The Balanchine, or Eastern, link will undoubtedly remain, but the San Francisco Ballet is a decidedly Western operation. ''A home-grown product is the image we want to present,'' says Dr. Richard LeBlond Jr., president of the San Francisco Ballet Association. ''Home grown'' refers not only to dancers but choreographers as well. LeBlond says that Smuin, the company's current chief choreographer as well as co-director, ''is obviously in a white heat of creativity right now and is an absolute nut on developing other choreographers from the company.'' In the last few years the company has produced some 80 new ballets. That's a record in itself.
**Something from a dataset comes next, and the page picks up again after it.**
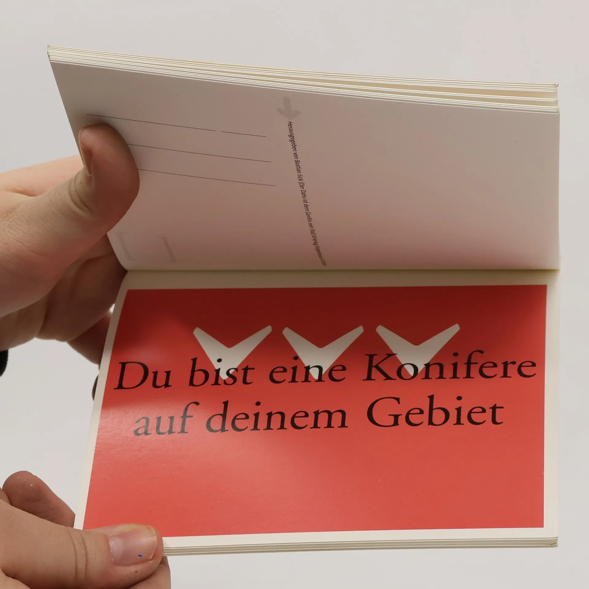 Verschicken Sie schon oder überlegen Sie noch? Die besten verdrehten Sprichwörter auf Postkarten. Dass Sprache niemals langweilig ist, hat Bastian Sick längst bewiesen. Und sie bringt uns zum Lachen. Dabei geht es nicht nur um Fehler. Komisch wird es, wenn es aus uns heraussprudelt, wir nur ein paar Wörter verdrehen und ein völlig neuer Sinn entsteht oder eben auch gar keiner. Bastian Sicks Sammlung verdrehter Sprichwörter ist_ Zu wahr, um schön zu sein._ Jeder kennt es: Da sucht man nach der passenden Redewendung und schon sieht man vor lauter Wald die Bäume nicht. Schnell sind die falschen Sätze ausgesprochen, sie kommen einem böhmisch vor und man steht da wie der Ochs auf dem Berg. Seit Jahren sammelt er die lustigsten Versprecher und Aussetzer. Besonders gefährdet sind die Sprichwörter: Eulen nach Athen tragen – warum ausgerechnet Eulen? Gibt es da nicht viele Säulen? Und will man nicht gerade sagen, dass etwas total unnötig ist? Aus dem Trumpf im Ärmel wird schnell ein Triumph und aus dem Hansdampf ein Hanswurst in allen Gassen. Die besten verdrehten Sprichwörter können Sie ab sofort als lustige Postkarte verschicken. Und glauben Sie uns, Anlässe gibt es genug. Freuen Sie sich auf diese Sammlung wie ein Schneehase – oder eine Honigkönigin.

Another Western factor that LeBlond wants to see reflected on stage is ethnic diversity. He'd ''love to discover the Arthur Mitchell of the West,'' he says, referring to the black dancer who founded the Dance Theater of Harlem, and he has a fantasy of kids of all colors and national origins ''walking into the school off the street, getting hooked on ballet just because the school is right there in their neighborhood.''

The school LeBlond refers to is not the converted garage that's been miraculously functioning as company headquarters for the last 30 years. He's talking about an $11.5 million plant under construction in the city's downtown Civic Center, just across the street from the opera house.

More than the fireworks of the anniversary program, it's the sound of drills coming from the site of the new school that really heralds the future. For the first time the dancers won't have to commute the long distance between rehearsals at the present school and performances at the opera house. Administrators won't have to keep their files in an old oven and other makeshift crannies. LeBlond won't have to plow through Lew Christensen's office (an old tool shed) to get to his desk.

The new building, set for occupancy in late 1983, has eight full-size studios. Remove a sliding wall between two of them, and you get a space as large as the opera-house stage and pit combined. This greatly smooths the transfer of ballets from rehearsal to performance. The new building also has a variety of other facilities that would all seem to be requisites for any large-scale organization but are still luxury items for most dance groups. For example, a library, study areas for students with homework to do, and a room in which to view videotapes of ballets will be included. It's all within grasp of the San Francisco Ballet - even the additional $2 million needed to see the building through to completion. As chief money raiser, LeBlond takes pride in the fact that he moves the company and school into a mortgage-free building. It gives the company the freedom to go about its artistic business - developing new dancers and choreographers.

''We're the old-timers of dance out here, which is a nice place to be,'' LeBlond reflects. But when asked what his dream wish for the company is, he says it's to discover the choreographers of the next generation.